### Task inputs:
::::::::
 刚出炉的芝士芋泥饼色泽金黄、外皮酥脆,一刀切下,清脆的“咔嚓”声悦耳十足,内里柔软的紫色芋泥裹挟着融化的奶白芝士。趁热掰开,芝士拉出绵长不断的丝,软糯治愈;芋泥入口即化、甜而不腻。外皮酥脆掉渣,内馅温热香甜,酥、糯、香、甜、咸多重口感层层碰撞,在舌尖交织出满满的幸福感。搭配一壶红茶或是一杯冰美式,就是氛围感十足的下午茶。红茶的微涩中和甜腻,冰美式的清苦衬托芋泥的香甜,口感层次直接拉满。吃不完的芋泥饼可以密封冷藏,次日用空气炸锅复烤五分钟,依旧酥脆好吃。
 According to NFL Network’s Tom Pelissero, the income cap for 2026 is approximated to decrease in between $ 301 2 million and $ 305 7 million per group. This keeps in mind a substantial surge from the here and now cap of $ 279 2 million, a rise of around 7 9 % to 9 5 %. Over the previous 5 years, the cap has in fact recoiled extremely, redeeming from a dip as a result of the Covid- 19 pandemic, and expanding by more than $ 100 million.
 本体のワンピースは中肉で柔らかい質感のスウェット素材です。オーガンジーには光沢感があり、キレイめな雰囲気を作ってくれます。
::::::::
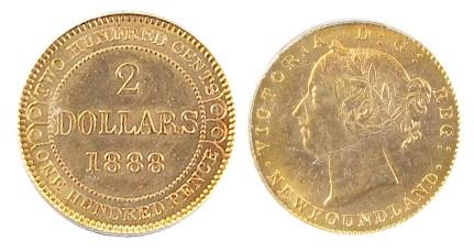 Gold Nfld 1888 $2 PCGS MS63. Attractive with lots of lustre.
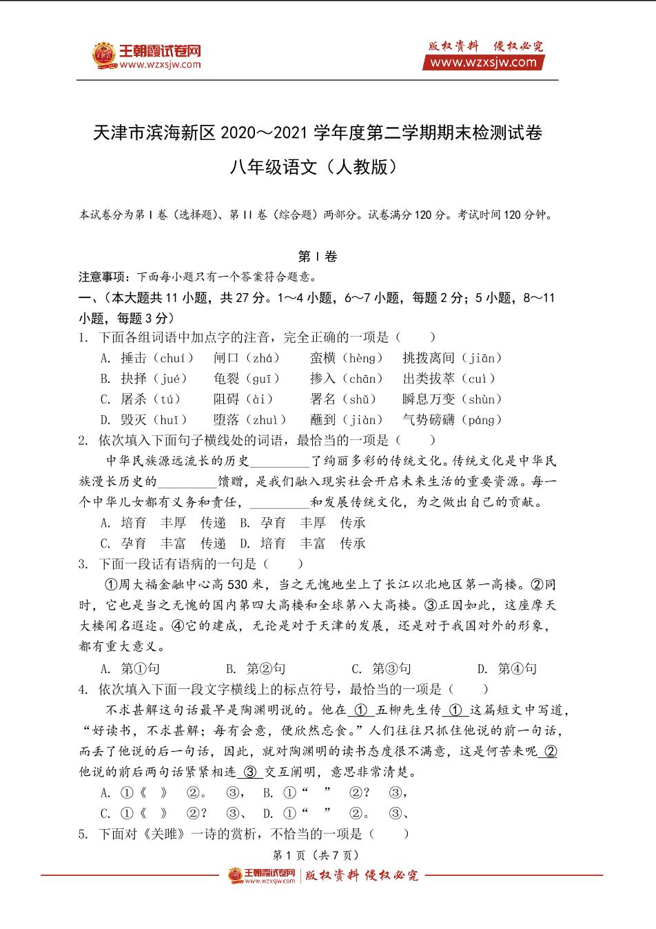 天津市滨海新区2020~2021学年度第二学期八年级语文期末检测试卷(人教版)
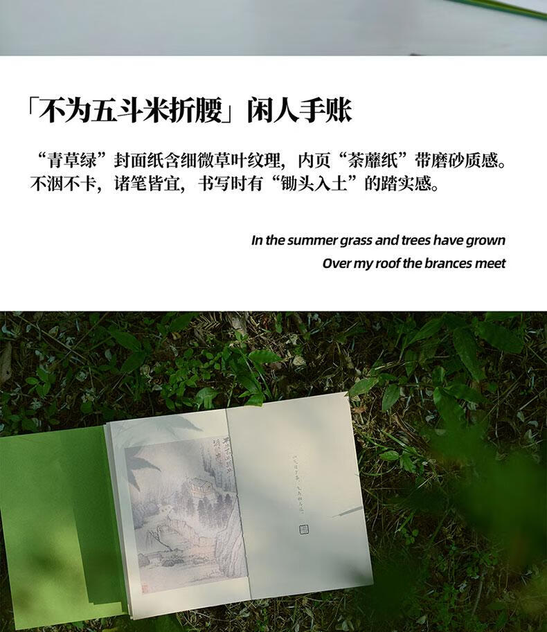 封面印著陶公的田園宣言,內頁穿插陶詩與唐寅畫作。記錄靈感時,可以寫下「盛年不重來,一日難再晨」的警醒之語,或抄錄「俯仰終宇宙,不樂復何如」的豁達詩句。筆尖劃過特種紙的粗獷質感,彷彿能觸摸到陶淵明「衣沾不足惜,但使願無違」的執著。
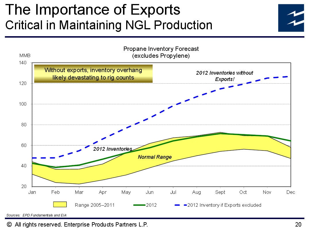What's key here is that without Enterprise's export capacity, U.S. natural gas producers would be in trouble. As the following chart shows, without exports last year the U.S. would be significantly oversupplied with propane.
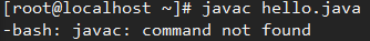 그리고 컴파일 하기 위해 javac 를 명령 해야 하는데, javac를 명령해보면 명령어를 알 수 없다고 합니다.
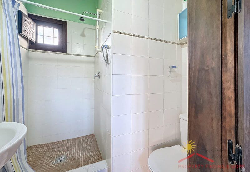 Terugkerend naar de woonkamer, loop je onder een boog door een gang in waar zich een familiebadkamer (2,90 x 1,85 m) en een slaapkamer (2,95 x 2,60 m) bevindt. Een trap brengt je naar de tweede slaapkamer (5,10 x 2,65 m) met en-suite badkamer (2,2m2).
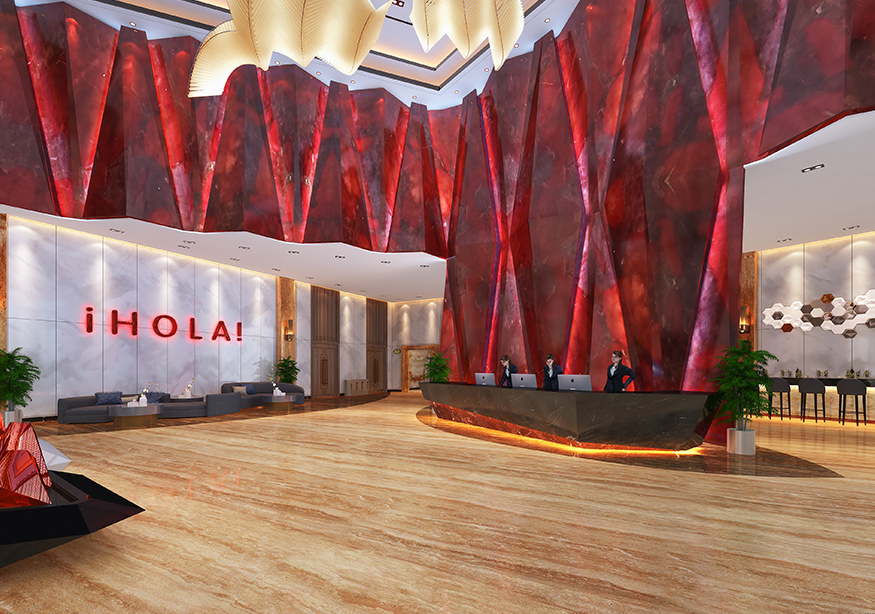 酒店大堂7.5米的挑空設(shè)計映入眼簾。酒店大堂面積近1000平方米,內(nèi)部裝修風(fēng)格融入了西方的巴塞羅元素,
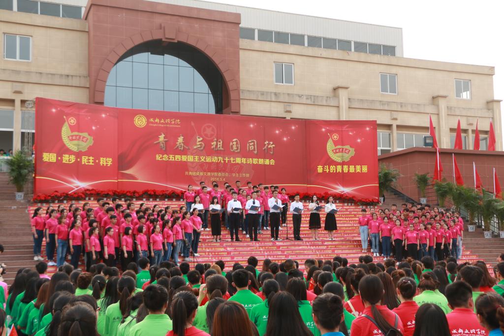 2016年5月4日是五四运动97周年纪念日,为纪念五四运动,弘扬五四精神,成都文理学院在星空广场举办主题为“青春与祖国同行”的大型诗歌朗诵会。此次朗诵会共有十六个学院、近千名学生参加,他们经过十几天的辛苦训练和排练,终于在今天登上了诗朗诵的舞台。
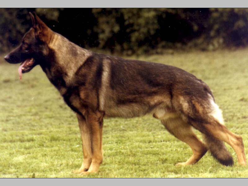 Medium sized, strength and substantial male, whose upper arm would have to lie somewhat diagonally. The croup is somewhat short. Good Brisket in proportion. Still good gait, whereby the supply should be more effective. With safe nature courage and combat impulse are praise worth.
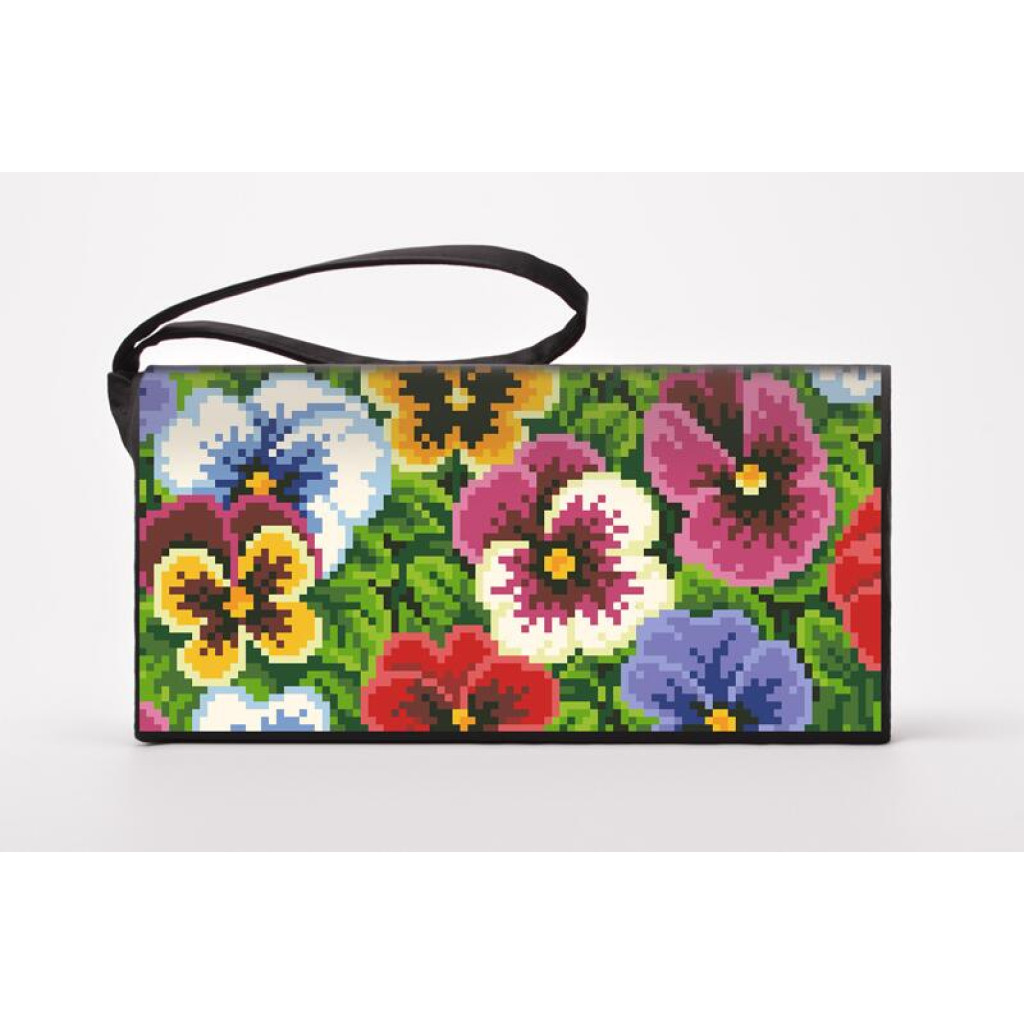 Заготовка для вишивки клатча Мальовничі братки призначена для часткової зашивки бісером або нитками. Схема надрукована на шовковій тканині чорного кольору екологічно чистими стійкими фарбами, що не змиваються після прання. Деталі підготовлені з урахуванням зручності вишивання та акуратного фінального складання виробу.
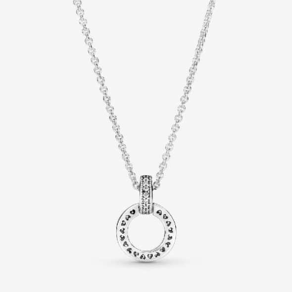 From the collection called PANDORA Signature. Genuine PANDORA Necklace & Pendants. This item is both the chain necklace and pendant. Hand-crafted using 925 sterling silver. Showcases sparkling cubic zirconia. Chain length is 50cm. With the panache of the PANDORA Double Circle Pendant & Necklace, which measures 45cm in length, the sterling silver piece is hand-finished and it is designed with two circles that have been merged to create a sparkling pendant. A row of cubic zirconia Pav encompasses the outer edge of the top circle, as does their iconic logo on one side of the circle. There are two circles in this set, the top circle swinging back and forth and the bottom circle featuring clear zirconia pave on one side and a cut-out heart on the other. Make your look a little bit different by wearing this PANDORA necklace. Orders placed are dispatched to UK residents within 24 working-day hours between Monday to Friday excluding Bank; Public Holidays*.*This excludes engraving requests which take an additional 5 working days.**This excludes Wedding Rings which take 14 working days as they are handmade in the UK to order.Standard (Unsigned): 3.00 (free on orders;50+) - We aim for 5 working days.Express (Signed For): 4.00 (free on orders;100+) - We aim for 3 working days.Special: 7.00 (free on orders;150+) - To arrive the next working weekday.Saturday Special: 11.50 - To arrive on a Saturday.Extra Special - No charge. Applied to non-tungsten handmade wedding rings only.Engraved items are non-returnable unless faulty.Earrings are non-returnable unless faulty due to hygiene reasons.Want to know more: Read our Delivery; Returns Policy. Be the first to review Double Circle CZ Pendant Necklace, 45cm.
::::::::
Above are the lines; repeat exactly the ones from the line containing "刚出炉的芝士芋泥饼色泽金黄、" down to the line containing "本体のワンピースは中肉で柔ら", both inclusive.

### Output for this task:
 刚出炉的芝士芋泥饼色泽金黄、外皮酥脆,一刀切下,清脆的“咔嚓”声悦耳十足,内里柔软的紫色芋泥裹挟着融化的奶白芝士。趁热掰开,芝士拉出绵长不断的丝,软糯治愈;芋泥入口即化、甜而不腻。外皮酥脆掉渣,内馅温热香甜,酥、糯、香、甜、咸多重口感层层碰撞,在舌尖交织出满满的幸福感。搭配一壶红茶或是一杯冰美式,就是氛围感十足的下午茶。红茶的微涩中和甜腻,冰美式的清苦衬托芋泥的香甜,口感层次直接拉满。吃不完的芋泥饼可以密封冷藏,次日用空气炸锅复烤五分钟,依旧酥脆好吃。
 According to NFL Network’s Tom Pelissero, the income cap for 2026 is approximated to decrease in between $ 301 2 million and $ 305 7 million per group. This keeps in mind a substantial surge from the here and now cap of $ 279 2 million, a rise of around 7 9 % to 9 5 %. Over the previous 5 years, the cap has in fact recoiled extremely, redeeming from a dip as a result of the Covid- 19 pandemic, and expanding by more than $ 100 million.
 本体のワンピースは中肉で柔らかい質感のスウェット素材です。オーガンジーには光沢感があり、キレイめな雰囲気を作ってくれます。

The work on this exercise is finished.